Rubbish. What’s it worth to you?

While the world outside is  covered with fluffy, white & slippery stuff, indoors we’re getting ready for the spring and summer craft fairs.  It’s awesome.  While the world outside is frozen, we can just hunker down by the fire, throw on some Disney films and get busy making stuff.  (The kids are responsible for the choice of film, but I’m on board because every now and again they just randomly burst into song without realizing.) But once we have a pile of cool stuff to sell, we arrive at the crafter’s dilemma:  How much do we sell this stuff for?  We apply a number of different approaches to answer the question.

Creator’s pride: “It’s so pretty!  It’s the prettiest thing I’ve ever made.  One million pounds?.”

Logical:  “Well, if we take the cost of supplies, then break down how long it took to make it…”

Mates Rates:  “She’s our friend.  We like her.  How about one pound?”

More Logic:  “Don’t forget packaging costs, We need to buy boxes and bubble wrap.

Insecure:   “If it’s too expensive nobody will buy it –They’ll go to the pound shop instead.”

Artistic Integrity:  “We are way cooler than the pound shop.  These are like, limited editions. Fifty Pounds?”

Practical: “We just need to get it sold.  My husband’s gonna kill me if I don’t get this stuff out of his garage!”

Still insecure:  “It’s made from rubbish.  You know, the stuff people throw out because they don’t want it?”

Hungry:  “How much do nachos cost?  That’s how much we should charge. Plus an extra pound so we can buy a drink.”

This debate can rage on for hours without a conclusion in sight.  Apart from sorting out the tax returns, it’s the hardest part of our job. We just aren’t impartial.  Where a customer sees an end product, we see a whole windy afternoon spent picking up discarded ringpulls along the road, or a week spent mastering a new skill.

So, to avoid fisticuffs, we have to seek outside opinions.  This is where you come in.

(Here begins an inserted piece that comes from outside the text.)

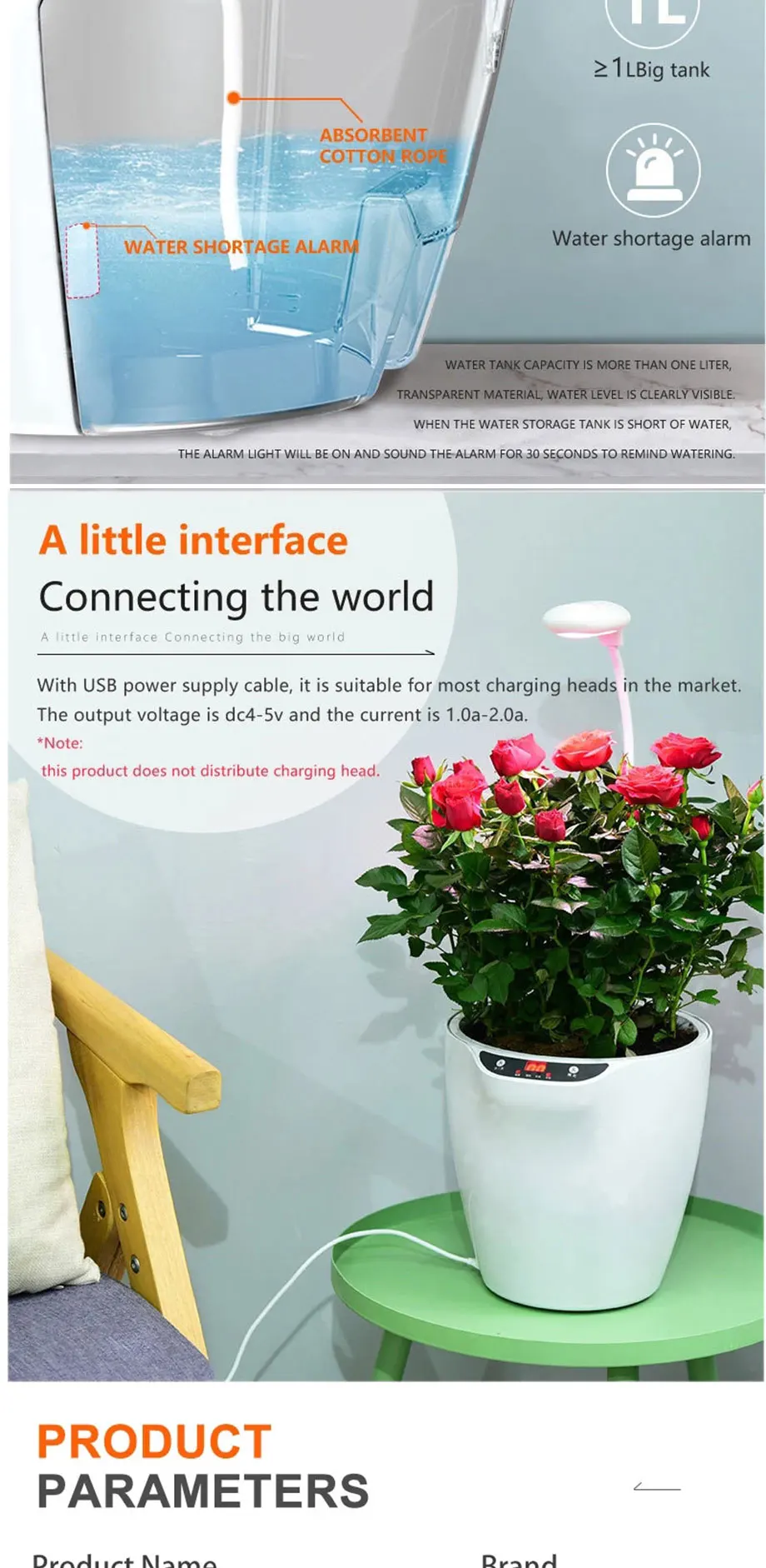 Функция введение 1, с умным переключением, режим полного спектра 2, регулируемый режим чтения (обычный режим настольной лампы, регулируемая яркость): Поднимите цветы, прочитайте два правильных, то есть лампа для роста растений, но также защита глаз чтения, уход за растениями и глазами; 3. Оповещение о нехватке воды: в тех случаях, когда резервуар для воды, за исключением воды, звуковой сигнал индикатор горит и 30с отсчетом раздастся предупреждающий звуковой сигнал. Напоминанием о том, чтобы добавить воды; 4. Новая гидропонная технология: специальная посадка позволяет избежать загрязнения вредителями, вызванного почвой, и устраняет рост комаров. В то же время, используя космический метеорит Средний для повышения скорости прорастания растений, он более подходит для роста растений; 5, специальное Интеллектуальное освещение, настройки раковины: путем изучения спектра солнечного света, используя специальный светодиодный ламповый бисер, чтобы наполнять растение, так что фотосъемка, так что Что растения имеют достаточно Ян Гуань и водоснабжения, избегая крещения уличного ветра и дождя, делает цветы более яркими и движущимися, позволяя семена цветов прослужить Больше Параметр продукта Материал: АБС-пластик Интерфейс, USB Интерфейс Размеры: как показано на рисунке Комплектация: 1 шт. * горшок для выращивания цветов 1 шт. * линия передачи данных 1 шт. * Инструкция по эксплуатации Завод, пригодные для посадки A. цветы: роза, Бегония, Петуния, Колеус, пятизвездочная, Орегон, вэньжу, кампануксия, Гипсофила, лилия, Подсолнух, хризантема, тюльпан, Панси, хия, Daffodil, Мимоза, цикламен перидинкле, шесть раз, ароматный цвет птицы, cockscomb и так далее. B. Травы: Василий, ароматная трава, розмарин, тимьян, мускус, мята и т. Д. C. Овощи: салат, шпинат, сельдерей, шпинат, лук, салат, петрушка, капуста. D. Мелоны и фрукты: тыква (карман), эдамаме, зеленые бобы, помидоры, перцы, огурец, баклажаны.

We need feedback to help us decide how to price up our stock before we can sell it.  So we’re going to post photos and descriptions of our favourite upcycled items, and you get to tell us in the comments what you think they should cost.  Undiscovered masterpiece or garage sale fodder?  You decide!  And, if you’re a crafty so-and-so and have a particular system or handy tips for pricing up your stuff, we’d love to hear from you!

As you’re commenting furiously below,  we’ll putting sample items up for auction.  Although you can usually find our stuff on Etsy and DaWanda, this time we’ll be listing the items on ebay to get an idea of what the wider public thinks about them too.  All proceeds will go to the group’s “We want to eat at Nando’s fund”.  We’ll link to the auctions, so if anything takes your fancy you’ll have a chance to get your hands on it too!  So, without too much more rambling…

Item 1:  Bicycle Chain Ring Wall Clock

This clock was made by combining an 8.5 inch bicycle ring and recycled packaging materials with a new clock movement, for an end result that’s both functional and funky!  The clock runs on a single AA battery and has a hanger fitted on the back.  Because it’s made from used and upcycled materials, the finished clock may well have a few dents, scratches or imperfections–these are intended as part of the design.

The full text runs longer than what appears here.